::: GIVEN RECORDS :::

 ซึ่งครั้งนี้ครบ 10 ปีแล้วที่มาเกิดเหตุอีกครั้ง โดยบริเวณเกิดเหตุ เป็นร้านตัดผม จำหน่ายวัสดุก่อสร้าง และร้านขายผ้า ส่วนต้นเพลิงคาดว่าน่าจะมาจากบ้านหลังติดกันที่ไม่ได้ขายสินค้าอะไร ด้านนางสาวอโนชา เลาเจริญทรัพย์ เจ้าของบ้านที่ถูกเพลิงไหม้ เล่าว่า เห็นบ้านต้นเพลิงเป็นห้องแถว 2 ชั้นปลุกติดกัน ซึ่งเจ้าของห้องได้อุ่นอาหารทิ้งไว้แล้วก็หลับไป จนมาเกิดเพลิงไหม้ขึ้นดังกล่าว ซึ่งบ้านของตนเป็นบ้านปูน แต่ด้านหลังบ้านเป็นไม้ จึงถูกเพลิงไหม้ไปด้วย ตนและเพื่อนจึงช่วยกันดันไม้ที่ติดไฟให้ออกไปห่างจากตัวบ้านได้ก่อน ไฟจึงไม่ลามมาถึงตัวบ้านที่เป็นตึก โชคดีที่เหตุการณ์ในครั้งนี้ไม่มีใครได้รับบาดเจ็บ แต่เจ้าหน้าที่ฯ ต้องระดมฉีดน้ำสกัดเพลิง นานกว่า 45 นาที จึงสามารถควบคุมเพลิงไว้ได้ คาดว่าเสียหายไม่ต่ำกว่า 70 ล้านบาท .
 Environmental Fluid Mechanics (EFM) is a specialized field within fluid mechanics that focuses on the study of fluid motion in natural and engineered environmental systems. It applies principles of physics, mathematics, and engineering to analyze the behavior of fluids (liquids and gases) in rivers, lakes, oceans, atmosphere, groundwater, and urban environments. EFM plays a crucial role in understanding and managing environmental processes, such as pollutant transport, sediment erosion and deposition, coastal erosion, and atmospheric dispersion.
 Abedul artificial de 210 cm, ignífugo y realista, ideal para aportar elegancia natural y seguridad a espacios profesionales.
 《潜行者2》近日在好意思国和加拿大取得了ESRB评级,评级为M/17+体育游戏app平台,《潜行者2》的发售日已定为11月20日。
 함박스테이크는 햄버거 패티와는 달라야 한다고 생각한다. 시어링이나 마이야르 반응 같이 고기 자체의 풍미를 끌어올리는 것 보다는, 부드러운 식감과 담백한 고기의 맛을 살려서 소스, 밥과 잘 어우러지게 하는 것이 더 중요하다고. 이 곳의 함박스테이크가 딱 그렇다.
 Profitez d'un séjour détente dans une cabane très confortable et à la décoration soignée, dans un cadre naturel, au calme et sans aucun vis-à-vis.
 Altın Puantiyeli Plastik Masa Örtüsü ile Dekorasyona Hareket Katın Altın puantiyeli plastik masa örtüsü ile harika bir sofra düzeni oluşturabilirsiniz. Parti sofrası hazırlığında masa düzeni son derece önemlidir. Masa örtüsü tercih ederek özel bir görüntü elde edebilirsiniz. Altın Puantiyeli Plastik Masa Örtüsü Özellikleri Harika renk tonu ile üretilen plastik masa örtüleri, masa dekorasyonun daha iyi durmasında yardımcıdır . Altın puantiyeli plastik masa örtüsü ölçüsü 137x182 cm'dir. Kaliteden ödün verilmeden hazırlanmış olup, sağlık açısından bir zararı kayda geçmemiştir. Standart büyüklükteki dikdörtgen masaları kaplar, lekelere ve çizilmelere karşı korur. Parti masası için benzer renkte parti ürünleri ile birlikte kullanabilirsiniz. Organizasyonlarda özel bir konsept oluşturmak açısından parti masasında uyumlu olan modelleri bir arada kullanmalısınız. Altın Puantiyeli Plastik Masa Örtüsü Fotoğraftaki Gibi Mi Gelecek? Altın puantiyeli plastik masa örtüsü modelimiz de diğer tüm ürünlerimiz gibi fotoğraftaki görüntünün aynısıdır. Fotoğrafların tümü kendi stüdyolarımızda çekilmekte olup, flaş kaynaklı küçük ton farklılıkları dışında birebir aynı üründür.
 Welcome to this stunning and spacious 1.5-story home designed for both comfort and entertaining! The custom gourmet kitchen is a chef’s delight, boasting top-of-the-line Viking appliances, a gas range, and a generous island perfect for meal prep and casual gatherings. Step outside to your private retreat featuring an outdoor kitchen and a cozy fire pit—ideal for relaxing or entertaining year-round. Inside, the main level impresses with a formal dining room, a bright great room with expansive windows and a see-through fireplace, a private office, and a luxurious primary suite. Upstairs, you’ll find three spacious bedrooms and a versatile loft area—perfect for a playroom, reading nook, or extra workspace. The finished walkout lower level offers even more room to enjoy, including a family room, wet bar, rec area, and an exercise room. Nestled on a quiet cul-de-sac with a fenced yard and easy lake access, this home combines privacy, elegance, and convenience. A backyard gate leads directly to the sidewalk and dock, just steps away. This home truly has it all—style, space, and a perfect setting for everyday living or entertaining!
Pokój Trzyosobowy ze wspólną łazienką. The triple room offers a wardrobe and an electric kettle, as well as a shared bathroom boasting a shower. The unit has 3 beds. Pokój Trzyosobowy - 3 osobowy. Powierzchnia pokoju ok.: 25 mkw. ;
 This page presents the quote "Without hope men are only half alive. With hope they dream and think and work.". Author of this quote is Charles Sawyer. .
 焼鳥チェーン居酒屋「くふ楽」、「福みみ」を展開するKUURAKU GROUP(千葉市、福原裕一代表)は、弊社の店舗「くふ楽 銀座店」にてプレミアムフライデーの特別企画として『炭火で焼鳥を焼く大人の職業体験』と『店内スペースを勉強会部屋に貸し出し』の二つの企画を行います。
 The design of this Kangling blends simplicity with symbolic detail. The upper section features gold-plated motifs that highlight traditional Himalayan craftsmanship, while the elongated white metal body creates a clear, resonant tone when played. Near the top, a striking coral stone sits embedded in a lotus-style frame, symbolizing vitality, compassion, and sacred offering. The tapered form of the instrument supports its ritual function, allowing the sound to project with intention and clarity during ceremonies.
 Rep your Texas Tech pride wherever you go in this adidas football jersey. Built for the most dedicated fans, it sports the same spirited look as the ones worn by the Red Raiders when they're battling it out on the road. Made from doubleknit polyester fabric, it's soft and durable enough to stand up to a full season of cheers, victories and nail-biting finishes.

:::

Write each line of the data above out again without altering a word.

 ซึ่งครั้งนี้ครบ 10 ปีแล้วที่มาเกิดเหตุอีกครั้ง โดยบริเวณเกิดเหตุ เป็นร้านตัดผม จำหน่ายวัสดุก่อสร้าง และร้านขายผ้า ส่วนต้นเพลิงคาดว่าน่าจะมาจากบ้านหลังติดกันที่ไม่ได้ขายสินค้าอะไร ด้านนางสาวอโนชา เลาเจริญทรัพย์ เจ้าของบ้านที่ถูกเพลิงไหม้ เล่าว่า เห็นบ้านต้นเพลิงเป็นห้องแถว 2 ชั้นปลุกติดกัน ซึ่งเจ้าของห้องได้อุ่นอาหารทิ้งไว้แล้วก็หลับไป จนมาเกิดเพลิงไหม้ขึ้นดังกล่าว ซึ่งบ้านของตนเป็นบ้านปูน แต่ด้านหลังบ้านเป็นไม้ จึงถูกเพลิงไหม้ไปด้วย ตนและเพื่อนจึงช่วยกันดันไม้ที่ติดไฟให้ออกไปห่างจากตัวบ้านได้ก่อน ไฟจึงไม่ลามมาถึงตัวบ้านที่เป็นตึก โชคดีที่เหตุการณ์ในครั้งนี้ไม่มีใครได้รับบาดเจ็บ แต่เจ้าหน้าที่ฯ ต้องระดมฉีดน้ำสกัดเพลิง นานกว่า 45 นาที จึงสามารถควบคุมเพลิงไว้ได้ คาดว่าเสียหายไม่ต่ำกว่า 70 ล้านบาท .
 Environmental Fluid Mechanics (EFM) is a specialized field within fluid mechanics that focuses on the study of fluid motion in natural and engineered environmental systems. It applies principles of physics, mathematics, and engineering to analyze the behavior of fluids (liquids and gases) in rivers, lakes, oceans, atmosphere, groundwater, and urban environments. EFM plays a crucial role in understanding and managing environmental processes, such as pollutant transport, sediment erosion and deposition, coastal erosion, and atmospheric dispersion.
 Abedul artificial de 210 cm, ignífugo y realista, ideal para aportar elegancia natural y seguridad a espacios profesionales.
 《潜行者2》近日在好意思国和加拿大取得了ESRB评级,评级为M/17+体育游戏app平台,《潜行者2》的发售日已定为11月20日。
 함박스테이크는 햄버거 패티와는 달라야 한다고 생각한다. 시어링이나 마이야르 반응 같이 고기 자체의 풍미를 끌어올리는 것 보다는, 부드러운 식감과 담백한 고기의 맛을 살려서 소스, 밥과 잘 어우러지게 하는 것이 더 중요하다고. 이 곳의 함박스테이크가 딱 그렇다.
 Profitez d'un séjour détente dans une cabane très confortable et à la décoration soignée, dans un cadre naturel, au calme et sans aucun vis-à-vis.
 Altın Puantiyeli Plastik Masa Örtüsü ile Dekorasyona Hareket Katın Altın puantiyeli plastik masa örtüsü ile harika bir sofra düzeni oluşturabilirsiniz. Parti sofrası hazırlığında masa düzeni son derece önemlidir. Masa örtüsü tercih ederek özel bir görüntü elde edebilirsiniz. Altın Puantiyeli Plastik Masa Örtüsü Özellikleri Harika renk tonu ile üretilen plastik masa örtüleri, masa dekorasyonun daha iyi durmasında yardımcıdır . Altın puantiyeli plastik masa örtüsü ölçüsü 137x182 cm'dir. Kaliteden ödün verilmeden hazırlanmış olup, sağlık açısından bir zararı kayda geçmemiştir. Standart büyüklükteki dikdörtgen masaları kaplar, lekelere ve çizilmelere karşı korur. Parti masası için benzer renkte parti ürünleri ile birlikte kullanabilirsiniz. Organizasyonlarda özel bir konsept oluşturmak açısından parti masasında uyumlu olan modelleri bir arada kullanmalısınız. Altın Puantiyeli Plastik Masa Örtüsü Fotoğraftaki Gibi Mi Gelecek? Altın puantiyeli plastik masa örtüsü modelimiz de diğer tüm ürünlerimiz gibi fotoğraftaki görüntünün aynısıdır. Fotoğrafların tümü kendi stüdyolarımızda çekilmekte olup, flaş kaynaklı küçük ton farklılıkları dışında birebir aynı üründür.
 Welcome to this stunning and spacious 1.5-story home designed for both comfort and entertaining! The custom gourmet kitchen is a chef’s delight, boasting top-of-the-line Viking appliances, a gas range, and a generous island perfect for meal prep and casual gatherings. Step outside to your private retreat featuring an outdoor kitchen and a cozy fire pit—ideal for relaxing or entertaining year-round. Inside, the main level impresses with a formal dining room, a bright great room with expansive windows and a see-through fireplace, a private office, and a luxurious primary suite. Upstairs, you’ll find three spacious bedrooms and a versatile loft area—perfect for a playroom, reading nook, or extra workspace. The finished walkout lower level offers even more room to enjoy, including a family room, wet bar, rec area, and an exercise room. Nestled on a quiet cul-de-sac with a fenced yard and easy lake access, this home combines privacy, elegance, and convenience. A backyard gate leads directly to the sidewalk and dock, just steps away. This home truly has it all—style, space, and a perfect setting for everyday living or entertaining!
Pokój Trzyosobowy ze wspólną łazienką. The triple room offers a wardrobe and an electric kettle, as well as a shared bathroom boasting a shower. The unit has 3 beds. Pokój Trzyosobowy - 3 osobowy. Powierzchnia pokoju ok.: 25 mkw. ;
 This page presents the quote "Without hope men are only half alive. With hope they dream and think and work.". Author of this quote is Charles Sawyer. .
 焼鳥チェーン居酒屋「くふ楽」、「福みみ」を展開するKUURAKU GROUP(千葉市、福原裕一代表)は、弊社の店舗「くふ楽 銀座店」にてプレミアムフライデーの特別企画として『炭火で焼鳥を焼く大人の職業体験』と『店内スペースを勉強会部屋に貸し出し』の二つの企画を行います。
 The design of this Kangling blends simplicity with symbolic detail. The upper section features gold-plated motifs that highlight traditional Himalayan craftsmanship, while the elongated white metal body creates a clear, resonant tone when played. Near the top, a striking coral stone sits embedded in a lotus-style frame, symbolizing vitality, compassion, and sacred offering. The tapered form of the instrument supports its ritual function, allowing the sound to project with intention and clarity during ceremonies.
 Rep your Texas Tech pride wherever you go in this adidas football jersey. Built for the most dedicated fans, it sports the same spirited look as the ones worn by the Red Raiders when they're battling it out on the road. Made from doubleknit polyester fabric, it's soft and durable enough to stand up to a full season of cheers, victories and nail-biting finishes.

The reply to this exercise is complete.